# Proracing Chipbox CR



## Classy56 (Jul 16, 2014)

Ran into a guy at the bar last night with an almost identical CDI as mine. we got to talking and he showed me this"chip style" tuner under the hood. It was plug and play and went inline on the injector harness. It is apparently designed for the EU models but he sworn it is now faster and gets better mpgs. What say you?

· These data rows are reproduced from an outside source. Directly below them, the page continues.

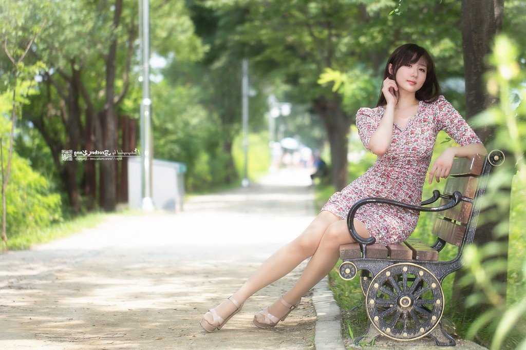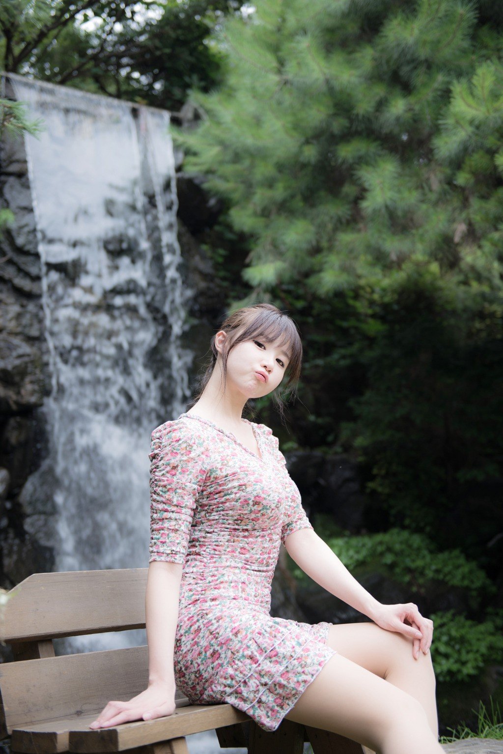 Yeon Da Bin: Adorable Korean Girl in Floral Dress Outdoors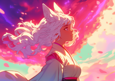 crayon drawing, silent happy, daydream, crystal art, huge stress, stress world, path towards hole, dawn of the cold, curiosity bells the statue, killer queen, beautiful cute dark-skinned girl, japanese miko clothes, silk texture, black undershirt, white hair, fox ears, thick eyebrows, sideway glance, imaginary lighting, colorful background, --ar 24:17 --niji 6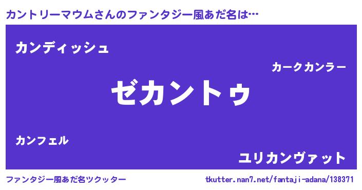 | 女子向けラノベタイトル風あだ名 | 『カントリーマウムアンティーク』 |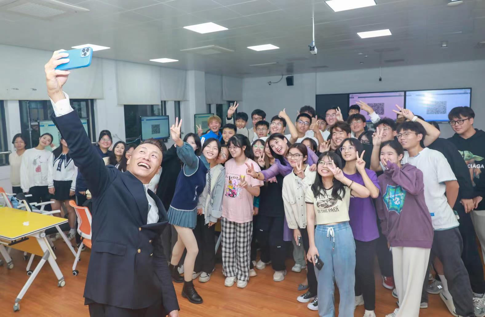 讲座结束后,亲切的“侯哥”不仅与主会场的同学们热情互动,还前往建发楼分会场、建发楼前与同学们见面合影。一张张合照和自拍,留住了讲座的盛况,见证了奥运精神的传承。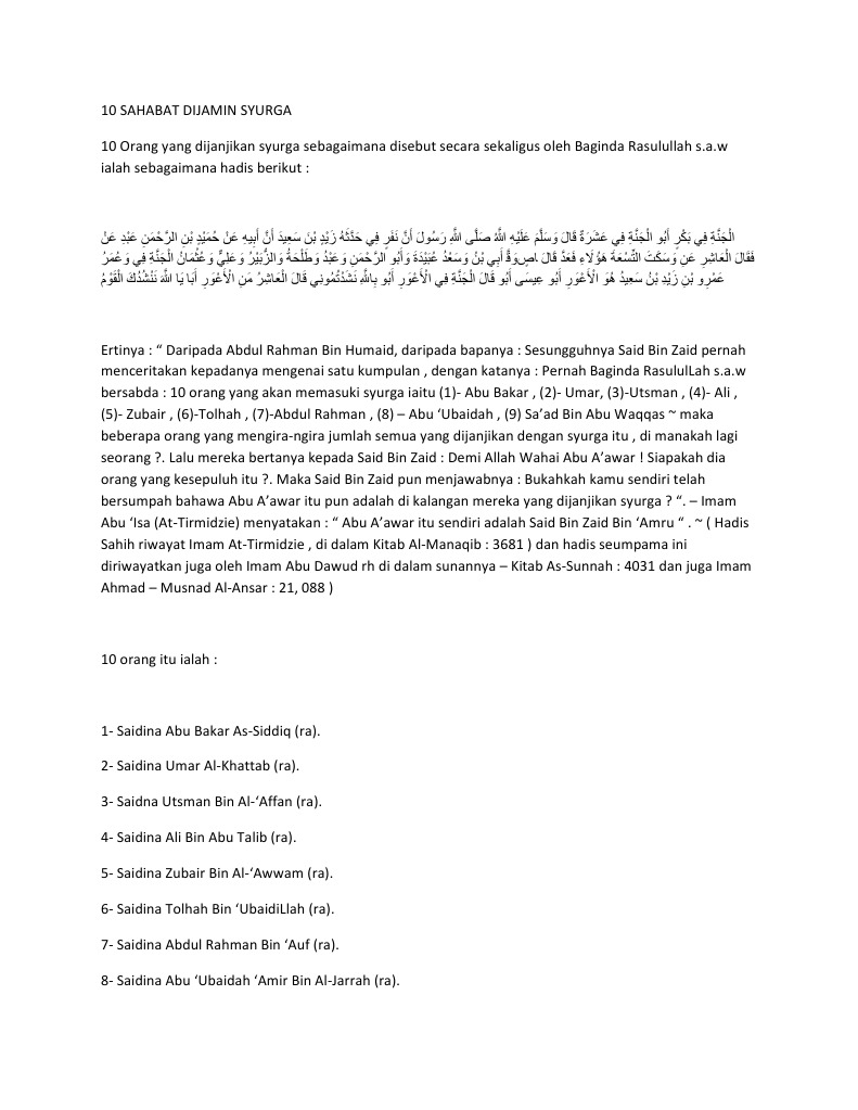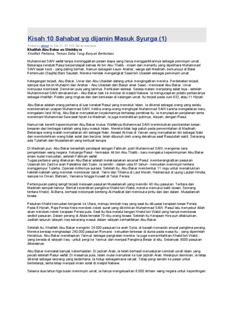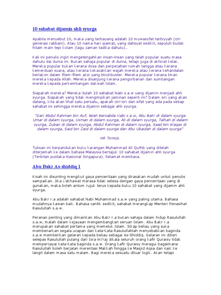 10 Sahabat Yang Dijanjikan Syurga from imgv2-1-f.scribdassets.com Music composed by serge essiambre entitled, 'believe in yourself'. Saad bin abi waqqas r.a; Yang mana sejak hidup di dunia lagi mereka telah dijanjikan syurga oleh allah. Inilah 10 sahabat nabi yang dijamin allah masuk surga 1. Keutamaannya, abu bakar adalah seorang. Lalu nabi saw bersabda, ada sepuluh orang yang mendapat khabar gembira masuk syurga, iaitu : Ali bin abi thalib r.a; Kenali 10 sahabat yang dijamin syurga 1.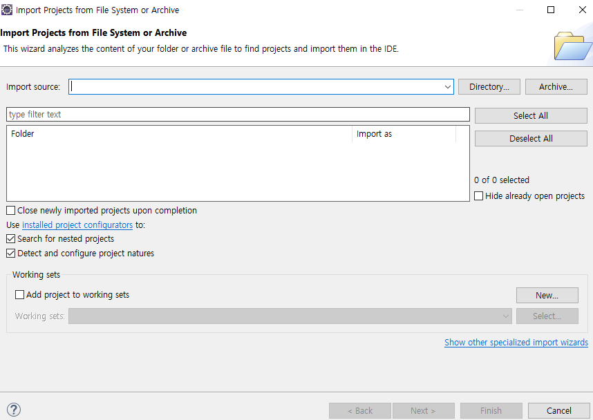 이클립스 좌측 상단에서 File -> Open Projects from File System을 클릭하면 아래와 같은 창이 나타납니다.
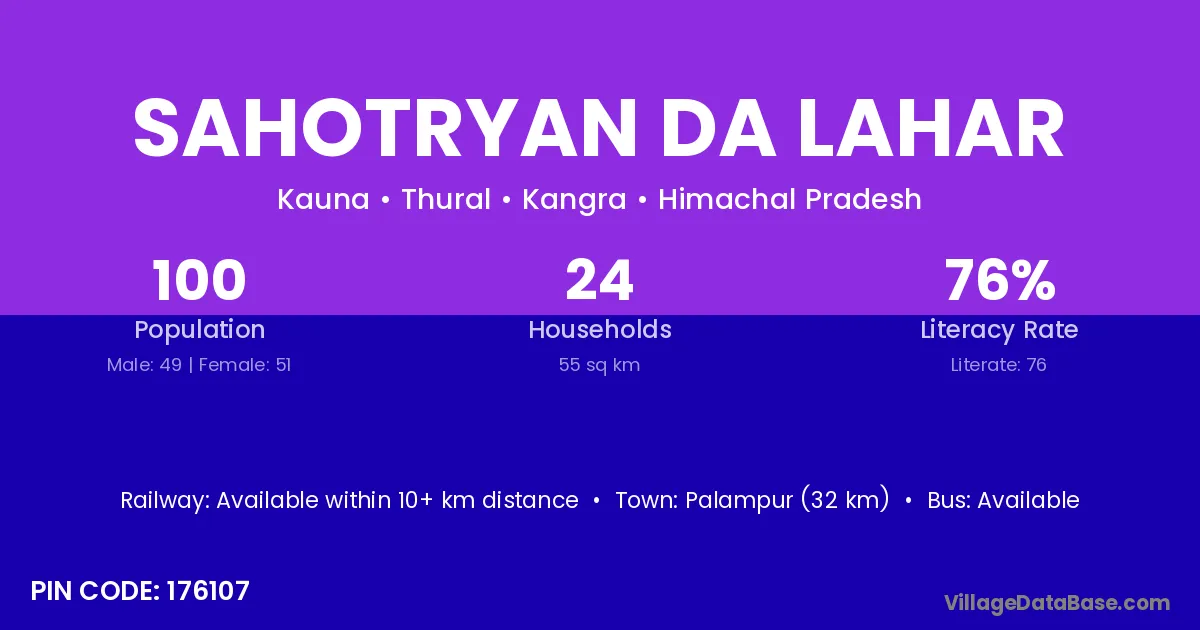 Palampur (32 km) is the nearest town to Sahotryan Da Lahar village for major economic activities and is located approximately 32 km away.

Oh Ya,,,,,and only $140.00 off Ebay.!!


----------



## hificruzer226 (Mar 27, 2013)

.......... I have ocean front property in Wyoming for a really good deal. Great ocean front views its only $500.... cash only *non refundable #get it while it lasts!


----------



## Classy56 (Jul 16, 2014)

Ha ya did some more reading on these things, guess they DO give more fuel and boost but NOT considered safe to use.


----------



## hificruzer226 (Mar 27, 2013)

They have been around for a long time and you are wasting time and money


----------



## obermd (Mar 3, 2012)

They give more boost until the ECM figures it out. After that all they'll do is consume more fuel.


----------



## Classy56 (Jul 16, 2014)

Maybe I should line up with him side by side and see. (Up to post speed limit of course)


----------



## oilburner (Jun 13, 2013)

Classy56 said:


> Ran into a guy at the bar last night with an almost identical CDI as mine. we got to talking and he showed me this"chip style" tuner under the hood. It was plug and play and went inline on the injector harness. It is apparently designed for the EU models but he sworn it is now faster and gets better mpgs. What say you?
> 
> Oh Ya,,,,,and only $140.00 off Ebay.!!


maybe the guy owns the company


----------



## Classy56 (Jul 16, 2014)

Maybe he lets me drive it to compare or we line up side by side and he blows me away! Then what, naysayers?


----------



## hificruzer226 (Mar 27, 2013)

Then I am proven wrong about performance, there are a lot of variables with that. I say baseline dyno your car before and after the chip than you will be able to get a more accurate result.


----------



## hificruzer226 (Mar 27, 2013)

But once its install drive 100 miles before your 3 pulls


----------



## Classy56 (Jul 16, 2014)

Then I'd be up to what a Fleece tuner would cost. That's what I'll wait for.


----------



## hificruzer226 (Mar 27, 2013)

Classy56 said:


> Then I'd be up to what a Fleece tuner would cost. That's what I'll wait for.


Now your thinking!


----------



## thmike (Sep 1, 2014)

All the negative stuff against this piggy back and you guys haven't tried it. Also dumping more fuel.. won't that create more boost til 23psi. Or whatever our cars are set at. I know this isn't like a normal turbo car..it's diesel. Add more fuel and get more power.. lol


----------



## Classy56 (Jul 16, 2014)

The piggy back tuner on my buddies 335ci turns it into a rocket! but it hooks up to a lot more than just the injectors.


----------



## obermd (Mar 3, 2012)

thmike said:


> All the negative stuff against this piggy back and you guys haven't tried it. Also dumping more fuel.. won't that create more boost til 23psi. Or whatever our cars are set at. I know this isn't like a normal turbo car..it's diesel. Add more fuel and get more power.. lol


The issue isn't with the piggy back concept, it's with the fact that the Cruze - gas and diesel - is a torque managed system. The car only generates as much HP and boost as is needed to create the torque requested by the ECU. So unless you modify the underlying torque request curves that are programmed into the ECU you can throw as much fuel as you want at the car and it simply won't generate more HP or boost.


----------